Проходя мимо церкви, он вспоминал слова кюре во время венчания: «И станут плотью единой, ибо не дано человеку разделить то, что соединил Господь!» Он-то хорошо знал, что их не соединили, что ни Бог, ни дьявол, ни люди не смогут изменить это. И безграничная горечь отравляла ему душу. Однажды вечером он даже заговорил в полный голос:
— Жизнь устроена несправедливо! Несправедливо! Разве после такого можно верить в Бога?!
Но тут его взгляд упал на распятие, и он торопливо перекрестился.
Бывали, однако, дни, когда в нем снова зарождалась надежда, когда ему становилось хоть чуточку веселее. «Нет, — думал он, — так не может продолжаться вечно. Вдруг да случится чудо! Нужно потерпеть еще». Но чуда не случалось, он мучился по-прежнему. Что же, значит, так оно и будет всю жизнь? Ох, если бы хоть пожаловаться кому-нибудь; но нет, разве такие вещи говорятся вслух — он даже в молитвах не смел поверить их Богу.
Прошло лето, за ним осень и зима, наступила весна. Люди, не видя Флавии, спрашивали у Жермена: «Может, она ребеночка ждет?» — или: «Уж не в ожидании ли она?» (что, впрочем, одно и то же). Но он только мрачнел и молча отворачивался.
Они шушукались за его спиной:
— Он ее запирает — верно, ревнует до смерти.
И смеялись над ним.
Наступил май, месяц Марии. Алтарь Богоматери был украшен геранями в горшках, бумажными розами и лилиями, множеством горящих свечей.
Как-то под вечер, придя в церковь помолиться, прихожане с изумлением увидели, что алтарь Мадонны пуст — ни цветов, ни свечей. Побежали за кюре. Тот знать ничего не знал. Жители деревни собрались на паперти. Кто-то осквернил их церковь! У мужчин гневно загорелись глаза, женщины крестились, дети плакали, цепляясь за материнские юбки. Все были потрясены до глубины души, однако у этих жителей гор возмущение выражалось не в словах и не в жестах — оно таилось внутри, но оттого было не менее бурным.
Вдруг какая-то девчушка подбежала к толпе и дернула мать за подол:
— Иди посмотри! Иди посмотри!
— Что такое?
— Иди посмотри! — твердила малышка.
Она говорила так настойчиво, глядела так странно, что женщина невольно двинулась за ней. И, словно заразившись нетерпением девочки, остальные потянулись следом, все ускоряя и ускоряя шаг. По дороге к идущим присоединилась Жюстина; сердце ее предчувствовало несчастье. Процессия прошла по улице, пересекла площадь, обогнула амбары и остановилась перед домом. Это был дом Жермена.

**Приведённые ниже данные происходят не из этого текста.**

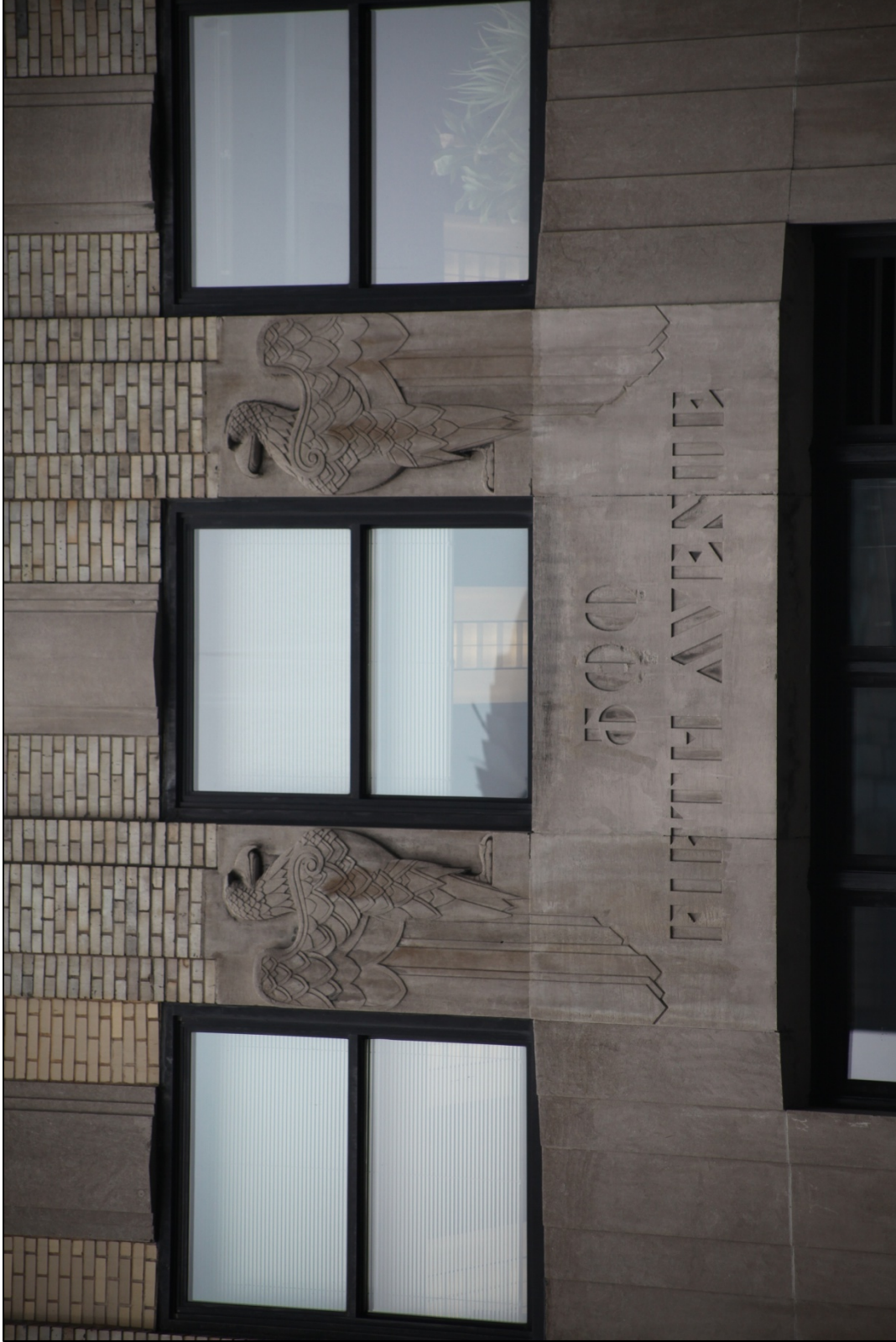
500 Fifth Avenue Building Carved eagles flanking 500 Fifth Avenue sign on 42 nd Street facade. Photo: Christopher D. Brazee, 2010

— Там! — сказал девочка, указав пальчиком на дверь второго этажа.
— Что там? — спросила мать.
Теперь она смутно припомнила, что посылала дочку к Флавии.

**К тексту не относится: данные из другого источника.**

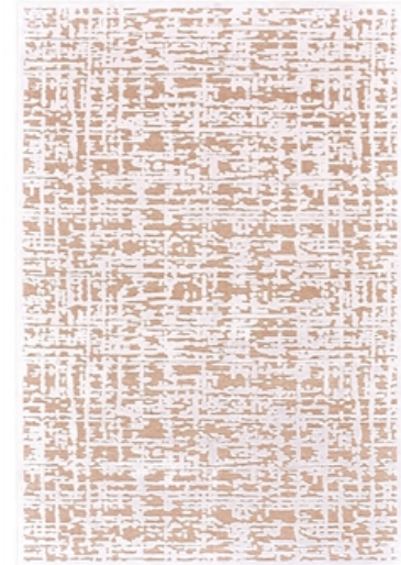
BLUSH / WHITE

Люди уже взбирались по лестнице; они вошли в коридор и открыли вторую дверь, дверь комнаты. Первые вошедшие застыли на пороге. Сперва их ослепило сияние десятков свечей; в воздухе стоял душный запах ладана. И только потом они разглядели Флавию, лежащую на столе.
Она лежала недвижно, в своем праздничном наряде; распущенные волосы пламенным ореолом окружали ее тело. На голове был надет кружевной чепчик, глаза широко открыты, руки сложены на груди, бледные пальцы сжаты, на безымянном блестело обручальное кольцо. Бумажные цветы и зажженные свечи, благоговейно расставленные вокруг, придавали Флавии сходство со сказочной принцессой в хрустальном гробу в глубине склепа.
А в груди у нее торчал нож.
Люди, охваченные каким-то благоговейным страхом, зачарованно смотрели на мертвую. Другие, пытаясь войти, толкали их вперед, и вскоре комната заполнилась до отказа. Наконец они заметили Жермена, стоявшего у стола на коленях. Казалось, он ничего не слышит, но вдруг он повернулся к ним и хриплым, неузнаваемым голосом промолвил, указывая на жену:
— Это святая!
Тут только они поняли, что Жермен сошел с ума, и увели его прочь.
Ох уж эта старость!
«Ох уж эта старость!.. — размышлял на ходу молодой пригожий жандарм Антонен. — Ох уж эта старость!..» Он хотел сказать, что старость — не радость, что она безобразна и бесполезна, но не умел все это выразить как следует.
«Лучше уж не заживаться, а помереть годкам эдак к шестидесяти… да, к шестидесяти». Поколебавшись, он исправился: «Нет, к семидесяти — в самый раз!»
— Тебе сколько лет? — спросил он человека, которого вел по дороге.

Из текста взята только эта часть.